* Exercise *
Exactly the lines from the one containing "The associated brown" through the end of the data, and nothing more, should be retyped; pictures stay out.

[Data records]
---+---
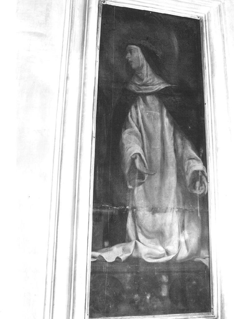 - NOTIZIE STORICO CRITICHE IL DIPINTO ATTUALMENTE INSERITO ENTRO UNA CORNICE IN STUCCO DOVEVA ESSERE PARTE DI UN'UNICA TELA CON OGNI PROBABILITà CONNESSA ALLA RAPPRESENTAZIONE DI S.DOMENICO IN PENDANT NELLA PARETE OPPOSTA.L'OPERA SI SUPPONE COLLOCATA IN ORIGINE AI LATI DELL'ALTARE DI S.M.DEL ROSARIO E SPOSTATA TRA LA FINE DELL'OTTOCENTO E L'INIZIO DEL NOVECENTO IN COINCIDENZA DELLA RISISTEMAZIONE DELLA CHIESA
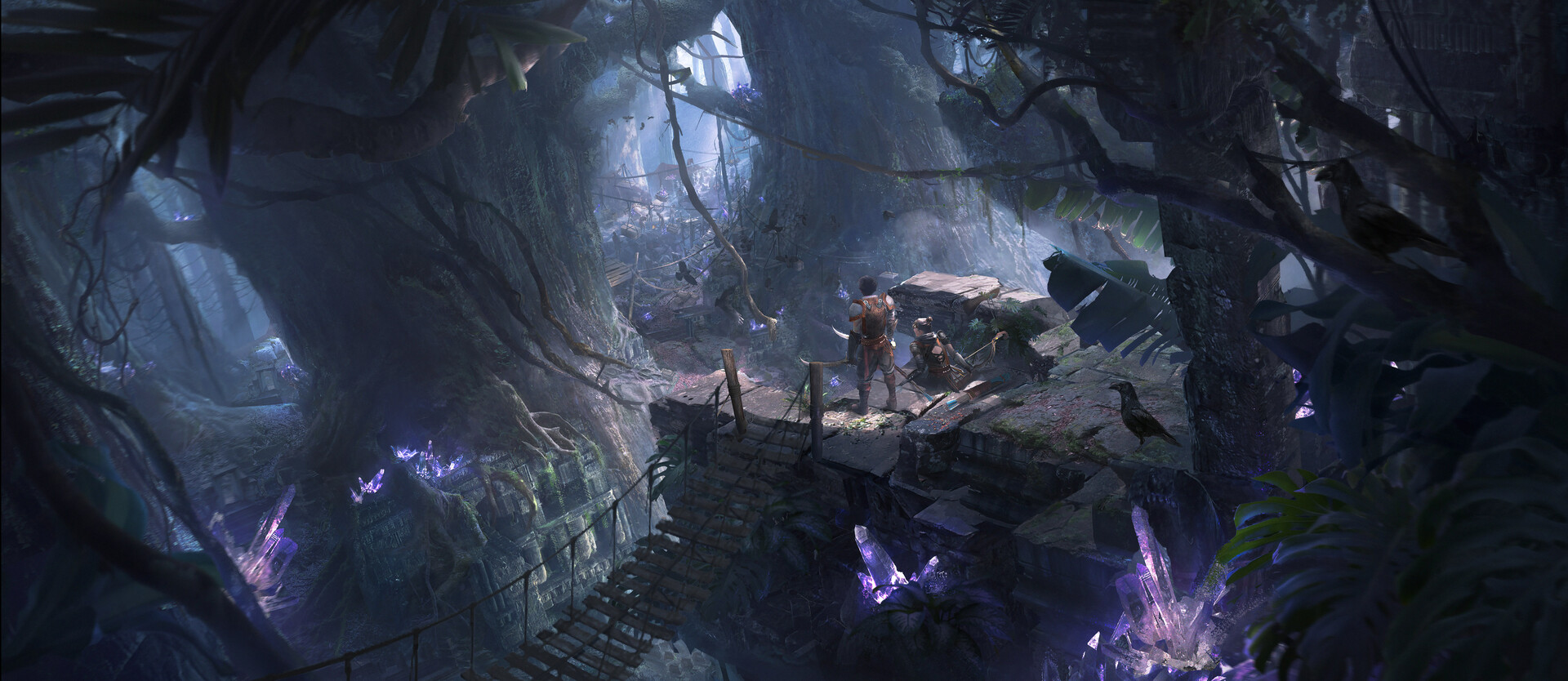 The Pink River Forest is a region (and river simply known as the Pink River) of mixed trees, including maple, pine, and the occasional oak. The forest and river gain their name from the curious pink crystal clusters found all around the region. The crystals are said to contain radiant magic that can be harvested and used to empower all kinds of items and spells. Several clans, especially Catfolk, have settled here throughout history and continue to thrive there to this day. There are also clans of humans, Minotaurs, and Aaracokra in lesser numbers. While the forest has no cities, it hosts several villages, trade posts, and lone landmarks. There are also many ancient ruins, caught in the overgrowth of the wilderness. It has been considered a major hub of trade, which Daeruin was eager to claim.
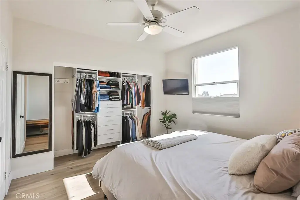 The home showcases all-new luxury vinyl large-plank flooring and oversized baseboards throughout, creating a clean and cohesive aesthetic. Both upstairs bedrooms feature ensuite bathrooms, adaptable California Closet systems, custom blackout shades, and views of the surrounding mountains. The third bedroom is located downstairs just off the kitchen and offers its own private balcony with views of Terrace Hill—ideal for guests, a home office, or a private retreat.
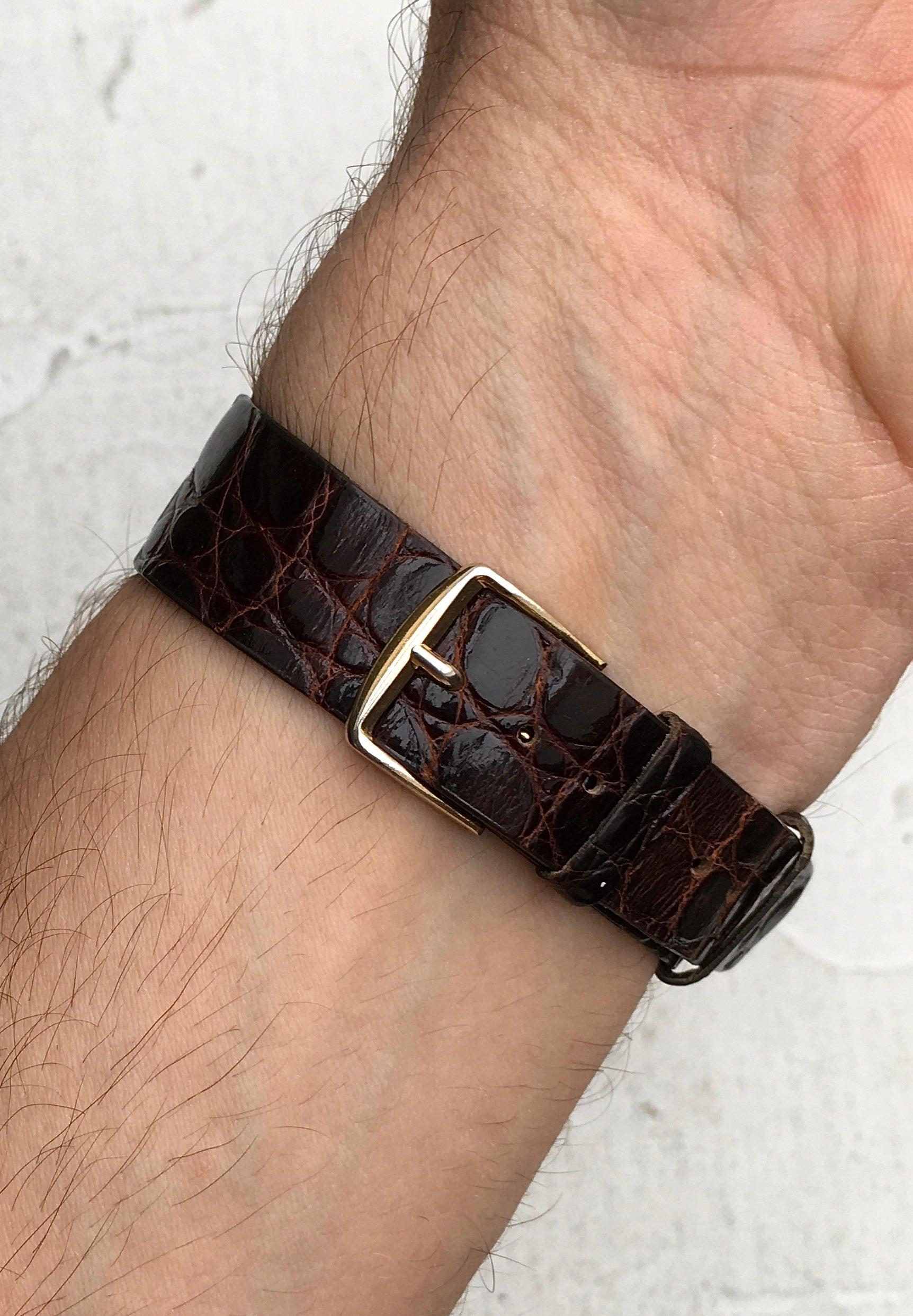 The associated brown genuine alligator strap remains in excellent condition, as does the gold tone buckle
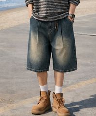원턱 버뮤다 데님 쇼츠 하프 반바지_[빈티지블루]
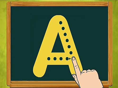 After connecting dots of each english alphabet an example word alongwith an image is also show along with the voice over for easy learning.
---+---
* Output for this task *
 The associated brown genuine alligator strap remains in excellent condition, as does the gold tone buckle
원턱 버뮤다 데님 쇼츠 하프 반바지_[빈티지블루]
 After connecting dots of each english alphabet an example word alongwith an image is also show along with the voice over for easy learning.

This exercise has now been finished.